Assignment: Nothing but the lines below, from the first through the line containing "Organizatorzy zapraszają 23", should be set down, each one exactly and without pictures.

Data supplied:
□ □ □ □ □ □ □

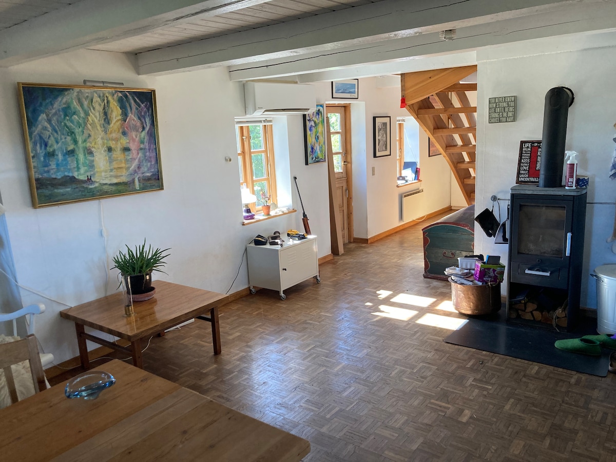 Helt fantastisk og stemningsfuld bolig, med stor pejs, god wi-fi, rigelig parkeringsplads og egen indgang. Senge er redt op ved ankomst. Der er håndklæder og sæber. kaffe og te. Beliggenhed tæt på mange seværdigheder som Aros, Gamle By i Århus, Industrimuseet, tæt på en af de bedste strande i DK og golfbaner. Landlige omgivelser.
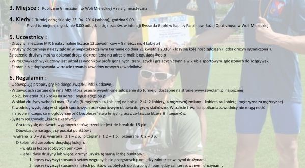 Organizatorzy zapraszają 23 kwietnia 2016 roku do wzięcia udziału w Turnieju OPEN Piłki Siatkowej MIX o Puchar Prezesa Uczniowskiego Klubu Sportowego ”Start” Wola Mielecka w ramach I Memoriału im. Ryszarda Gąbki „Moi Uczniowie” Kwiecień – 2016
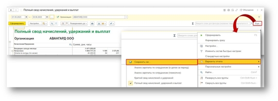 Так же есть возможность сохранить отчёт с данной настройкой, чтобы каждый раз не изменять её. Для этого необходимо перейти по кнопке «Ещё» – «Варианты отчёта» – «Сохранить как…»
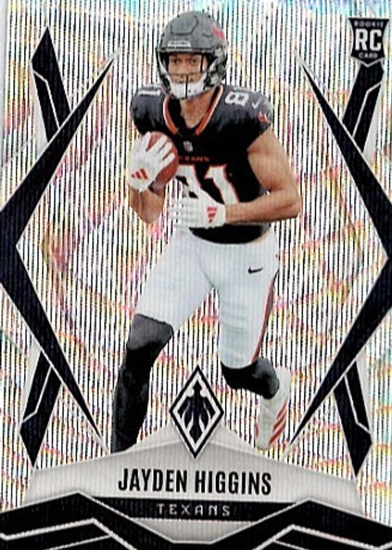 This card is 1 of 77 Jayden Higgins' card variations in the 2025 Phoenix set being tracked by Sports Card Investor, including Base, Silver, Red Hyper /399, Red Winter /399, and Light Blue Pyramids /385.
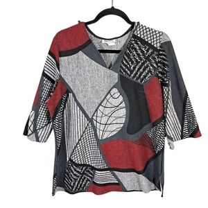 VTG Paloma Carmin Top Sweater Abstract Artsy 3/4 Sleeve Size XL Lightweight Soft Delicate Geometric Boho Vintage
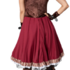 L’abito in raso a maniche corte colpisce per i materiali di alta qualità e i dettagli raffinati. Il corpetto in pelle a gilet con allacciatura discreta crea una silhouette femminile, mentre la gonna multistrato con cinture verticali e fibbie accentua perfettamente il tipico stile Steampunk.
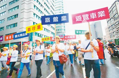 陆客骤减冲击岛内游览车业、旅馆业,为改变现状,岛内业者被迫走上街头,表达诉求。资料图片
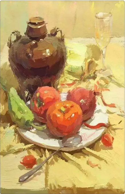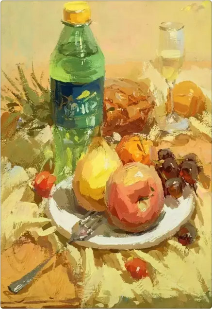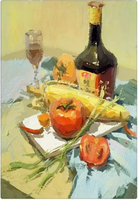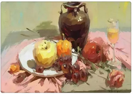 鋪大關(guān)系和刻畫局部的整個繪畫過程都要跟著"結(jié)構(gòu)"^韻律”走。鋪大關(guān)系重點(diǎn)根據(jù)韻律,韻律即畫面的整體色彩基調(diào)和整體形的特征韻味。刻畫局部重點(diǎn)根據(jù)結(jié)構(gòu),結(jié)構(gòu)是物體形狀關(guān)系和體量關(guān)系的核心。
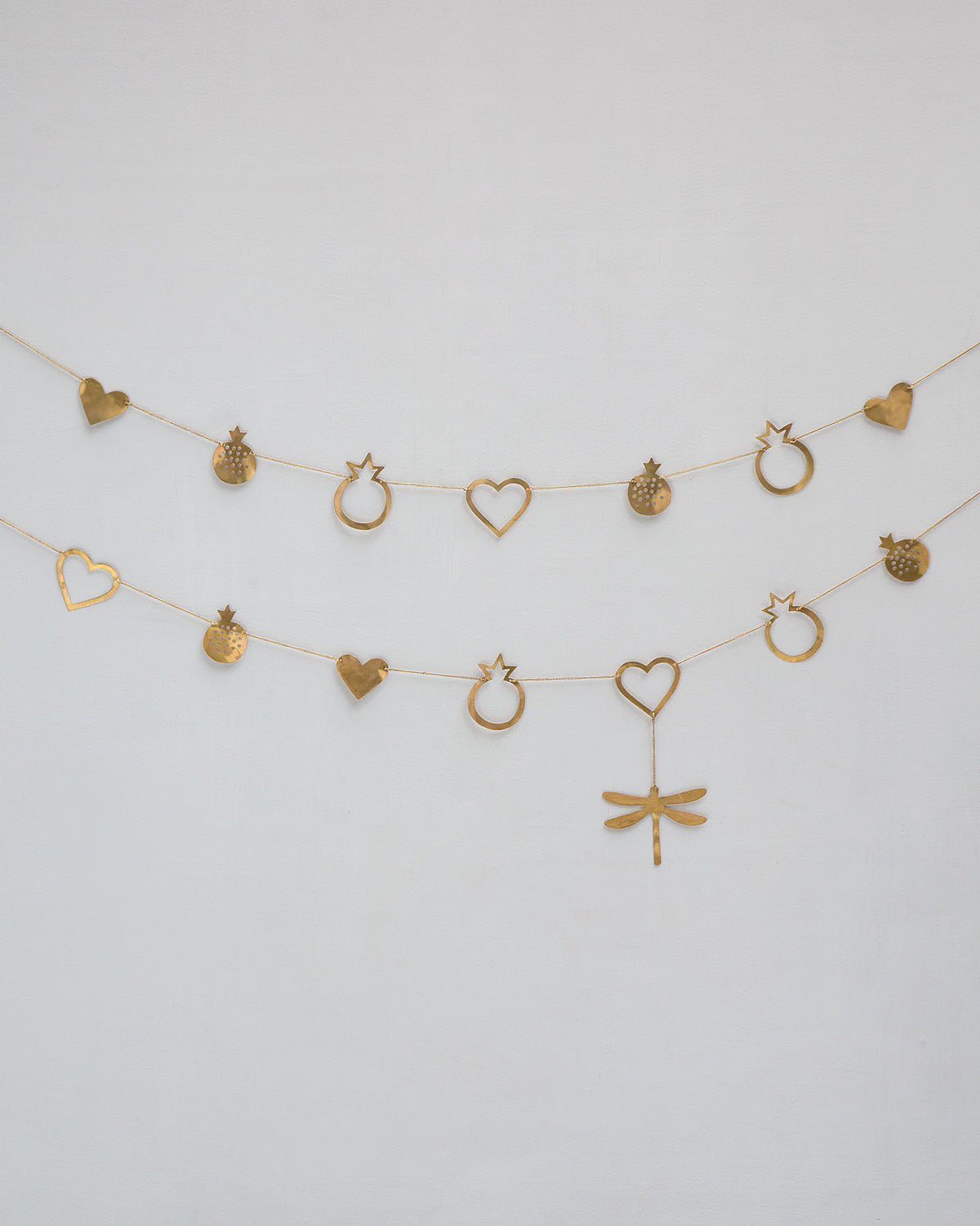 • A Nicobar toran through and through, ours is made of matte gold-finished anars and hearts strung on gold metal and is perfect to hang up at your doorstep, or even inside your home anywhere for an added twinkle.
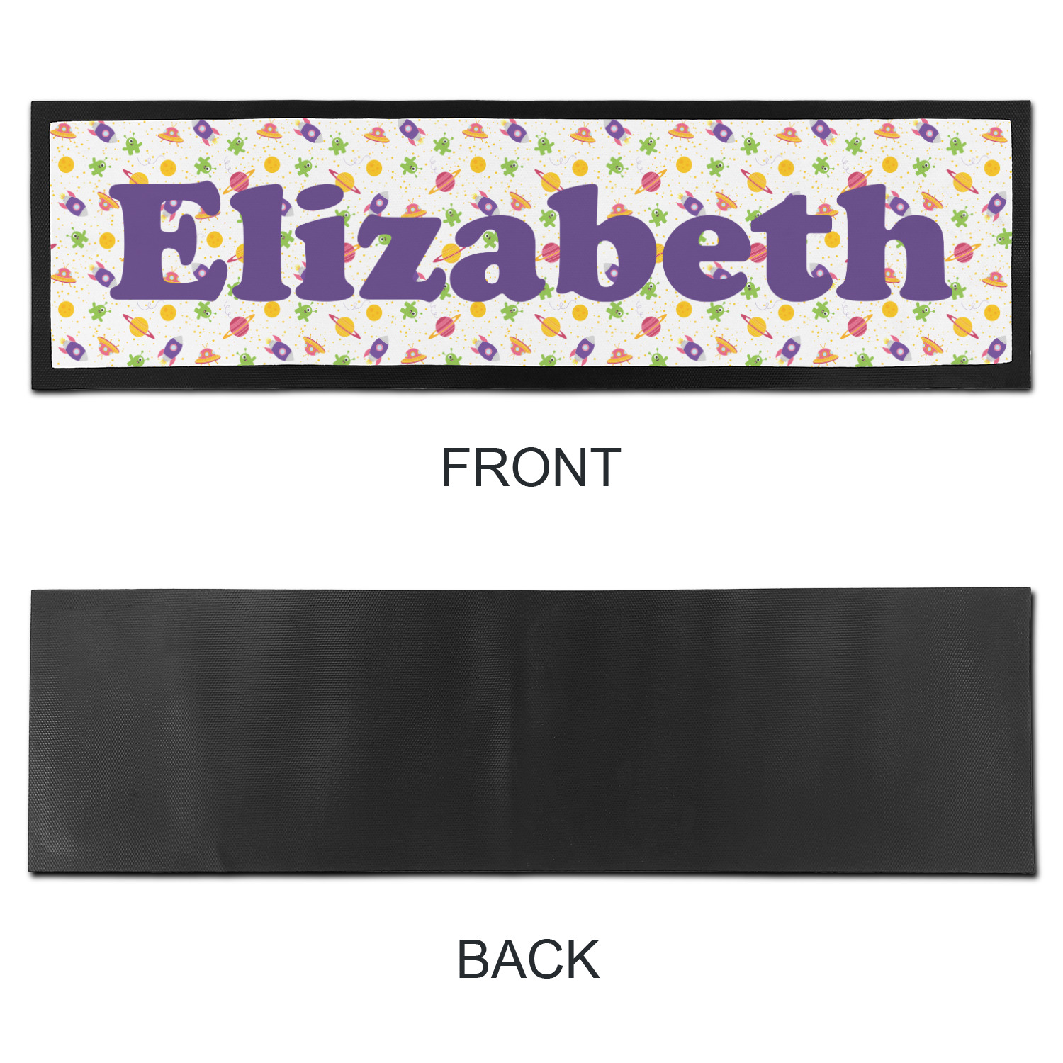 This pattern is very versatile and will mix and match with a variety of coordinated colors. A wide white band trimmed in purple tie it all together showing off little favorite personalized space girl and her favorite martian.
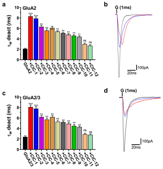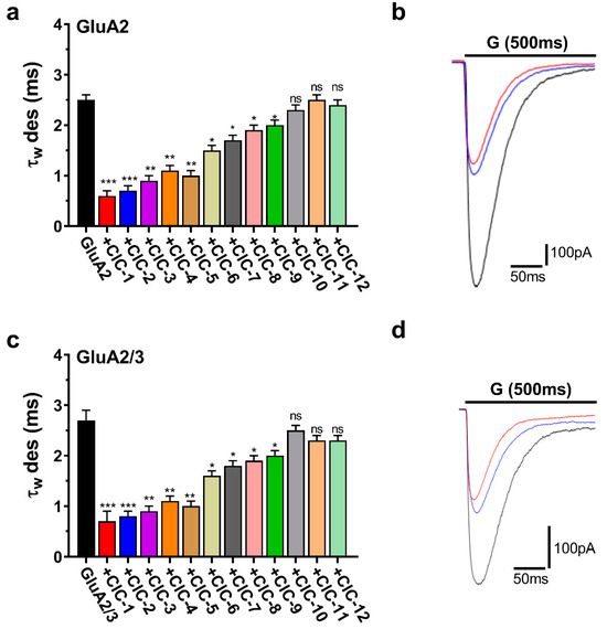 Deactivation kinetics (τw deact) of AMPAR subunits in the presence of CIC compounds. Panels (a,c) show τw deact weighted time constants for both GluA2 and GluA2/3 receptors activated by CIC compounds. Bar graphs show that CIC compounds extend the duration of deactivation kinetics. Statistical analysis was performed with the control condition (receptors exposed to glutamate alone) for each. Increases in τw deact that reached significance are marked with ** p < 0.01, *** p < 0.001, and “ns” for not significant (one-way ANOVA). Panels (b,d) show representative traces of whole-cell current responses to a 1 ms administration of 10 mM glutamate for GluA2 and GluA2/3, respectively. The traces show normalized responses for glutamate alone (black) and glutamate in combination with CIC compounds (CIC-1 in red, and CIC-2 in blue). The recording was performed in HEK293 cells at −60 mV, pH 7.4, and 22 °C. Data present mean ± SD from 3–4 different experiments.
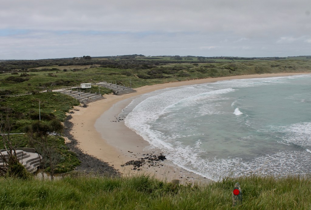 Because the penguins’ eyes are sensitive to light, Penguin Parade attendees are not permitted to take pictures as hundreds of penguins arrive at dusk. At about 8pm this time of the year, the penguins simply emerge from the shore line in batches of 40 to 50 each “wave” and cross the beach. They find their mate (penguins mate each season, not for life, and their “divorce rate” is estimated at 50%), preen their feathers with a gland to add air (waterproofing), and then head into the hills from which we took the picture above to find the burrows where their chicks are waiting. The adults make a guttural sound to announce their return and the chicks chirp to give the adults location signals. But we would have to wait several hours for the event to begin.
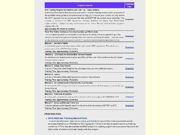 The Training Modules The program includes 7 training modules: Module 1: Worker’s Rights Under OSHA n Module 2: GHS/Haz. Com and the Non-Ferrous Foundry n Module 3: Safety Data Sheets n Module 4: Labels n Module 5: Air Contaminants in the Non-Ferrous Foundry n Module 6: Aluminum Foundries n Module 7: Brass and Bronze Foundries n
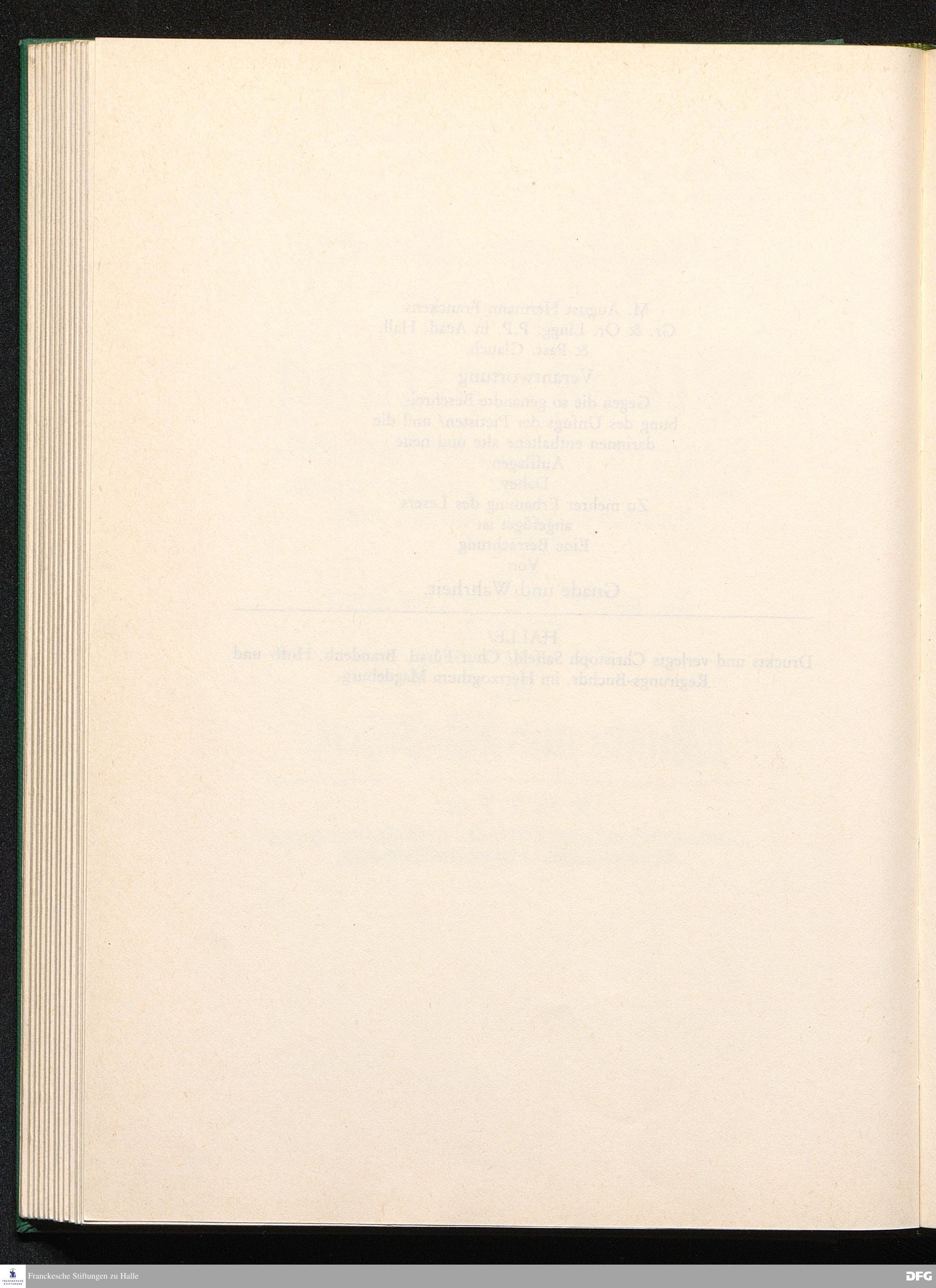 August Hermann Franckens, S. Theol. Prof. zu Halle und Past. zu Glaucha vor Halle, Gründliche und Gewissenhafte Verantwortung gegen Hn. D. Johann Friedrich Mayers, Professoris Theologi auff der Universität zu Greiffswald, harte und unwahrhaffte Beschuldigungen ...

□ □ □ □ □ □ □

Solved problem:
 Helt fantastisk og stemningsfuld bolig, med stor pejs, god wi-fi, rigelig parkeringsplads og egen indgang. Senge er redt op ved ankomst. Der er håndklæder og sæber. kaffe og te. Beliggenhed tæt på mange seværdigheder som Aros, Gamle By i Århus, Industrimuseet, tæt på en af de bedste strande i DK og golfbaner. Landlige omgivelser.
 Organizatorzy zapraszają 23 kwietnia 2016 roku do wzięcia udziału w Turnieju OPEN Piłki Siatkowej MIX o Puchar Prezesa Uczniowskiego Klubu Sportowego ”Start” Wola Mielecka w ramach I Memoriału im. Ryszarda Gąbki „Moi Uczniowie” Kwiecień – 2016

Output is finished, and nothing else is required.